- **Extracted records**
◇ ◇ ◇ ◇ ◇ ◇ ◇

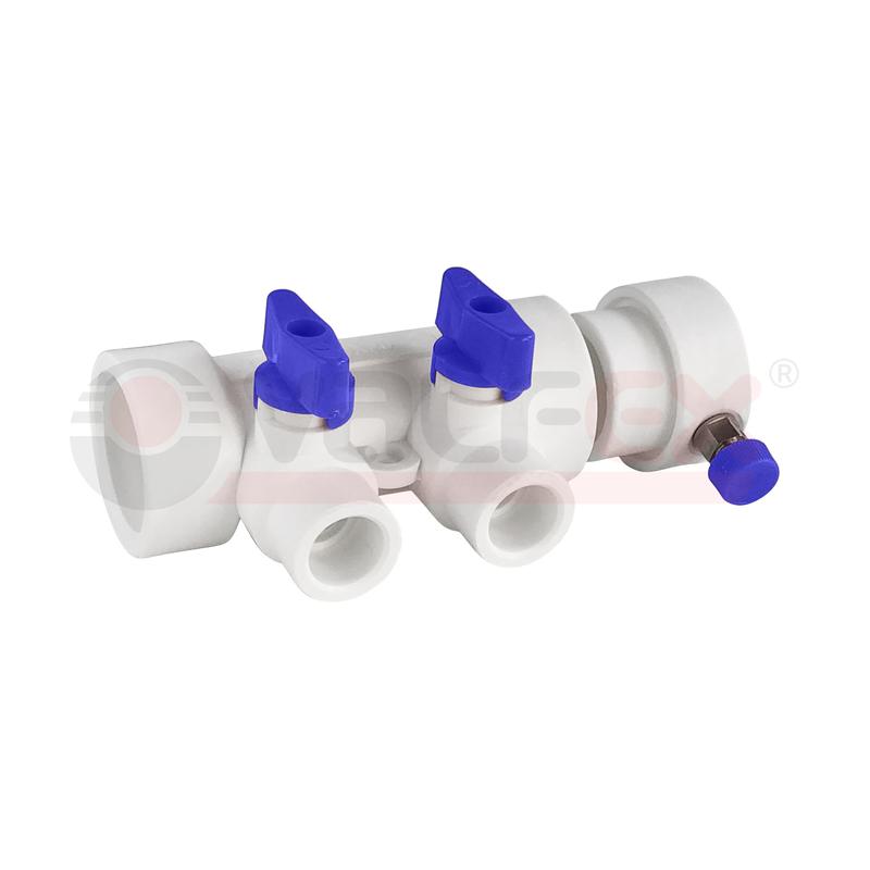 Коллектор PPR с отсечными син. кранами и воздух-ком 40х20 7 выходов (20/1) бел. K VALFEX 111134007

◇ ◇ ◇ ◇ ◇ ◇ ◇

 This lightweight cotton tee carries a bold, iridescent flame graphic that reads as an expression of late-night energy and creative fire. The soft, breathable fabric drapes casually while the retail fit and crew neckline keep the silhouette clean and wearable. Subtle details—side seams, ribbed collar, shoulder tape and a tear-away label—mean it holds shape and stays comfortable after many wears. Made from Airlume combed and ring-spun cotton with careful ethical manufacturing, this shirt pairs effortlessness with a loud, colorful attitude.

◇ ◇ ◇ ◇ ◇ ◇ ◇

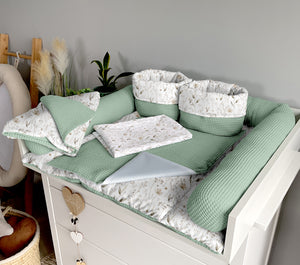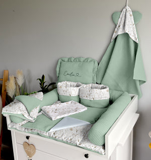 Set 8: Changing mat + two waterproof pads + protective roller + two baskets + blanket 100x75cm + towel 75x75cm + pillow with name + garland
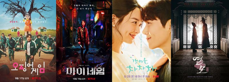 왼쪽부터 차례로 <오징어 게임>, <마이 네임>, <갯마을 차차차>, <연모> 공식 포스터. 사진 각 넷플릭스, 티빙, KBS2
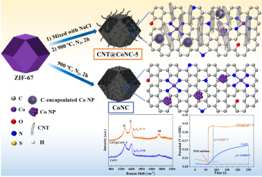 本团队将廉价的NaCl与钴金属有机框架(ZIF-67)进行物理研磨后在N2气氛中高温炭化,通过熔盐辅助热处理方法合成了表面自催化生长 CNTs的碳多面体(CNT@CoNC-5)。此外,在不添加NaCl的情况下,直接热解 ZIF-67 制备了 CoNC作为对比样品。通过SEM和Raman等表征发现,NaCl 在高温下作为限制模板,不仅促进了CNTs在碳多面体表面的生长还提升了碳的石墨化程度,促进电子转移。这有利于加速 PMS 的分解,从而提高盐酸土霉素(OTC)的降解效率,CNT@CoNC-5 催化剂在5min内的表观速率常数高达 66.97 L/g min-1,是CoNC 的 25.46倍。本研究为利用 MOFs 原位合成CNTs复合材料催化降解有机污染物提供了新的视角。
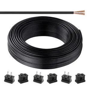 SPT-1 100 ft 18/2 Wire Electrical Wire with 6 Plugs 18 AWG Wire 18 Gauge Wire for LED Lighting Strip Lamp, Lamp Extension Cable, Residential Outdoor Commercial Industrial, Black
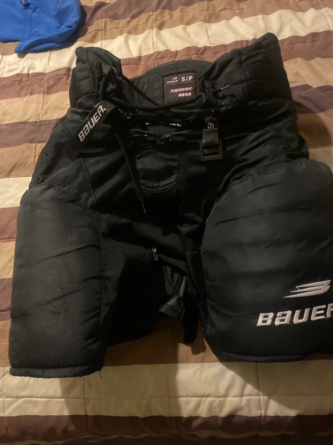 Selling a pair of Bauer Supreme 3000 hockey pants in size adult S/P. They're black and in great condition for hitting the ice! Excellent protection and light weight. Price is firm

◇ ◇ ◇ ◇ ◇ ◇ ◇

- **Problem requirements**
Would you give again, exactly, the lines in the data above that run from the line containing "Set 8: Changing" to the line containing "Selling a pair"? Include both ends and no pictures.

- **Answer below**
 Set 8: Changing mat + two waterproof pads + protective roller + two baskets + blanket 100x75cm + towel 75x75cm + pillow with name + garland
 왼쪽부터 차례로 <오징어 게임>, <마이 네임>, <갯마을 차차차>, <연모> 공식 포스터. 사진 각 넷플릭스, 티빙, KBS2
 本团队将廉价的NaCl与钴金属有机框架(ZIF-67)进行物理研磨后在N2气氛中高温炭化,通过熔盐辅助热处理方法合成了表面自催化生长 CNTs的碳多面体(CNT@CoNC-5)。此外,在不添加NaCl的情况下,直接热解 ZIF-67 制备了 CoNC作为对比样品。通过SEM和Raman等表征发现,NaCl 在高温下作为限制模板,不仅促进了CNTs在碳多面体表面的生长还提升了碳的石墨化程度,促进电子转移。这有利于加速 PMS 的分解,从而提高盐酸土霉素(OTC)的降解效率,CNT@CoNC-5 催化剂在5min内的表观速率常数高达 66.97 L/g min-1,是CoNC 的 25.46倍。本研究为利用 MOFs 原位合成CNTs复合材料催化降解有机污染物提供了新的视角。
 SPT-1 100 ft 18/2 Wire Electrical Wire with 6 Plugs 18 AWG Wire 18 Gauge Wire for LED Lighting Strip Lamp, Lamp Extension Cable, Residential Outdoor Commercial Industrial, Black
 Selling a pair of Bauer Supreme 3000 hockey pants in size adult S/P. They're black and in great condition for hitting the ice! Excellent protection and light weight. Price is firm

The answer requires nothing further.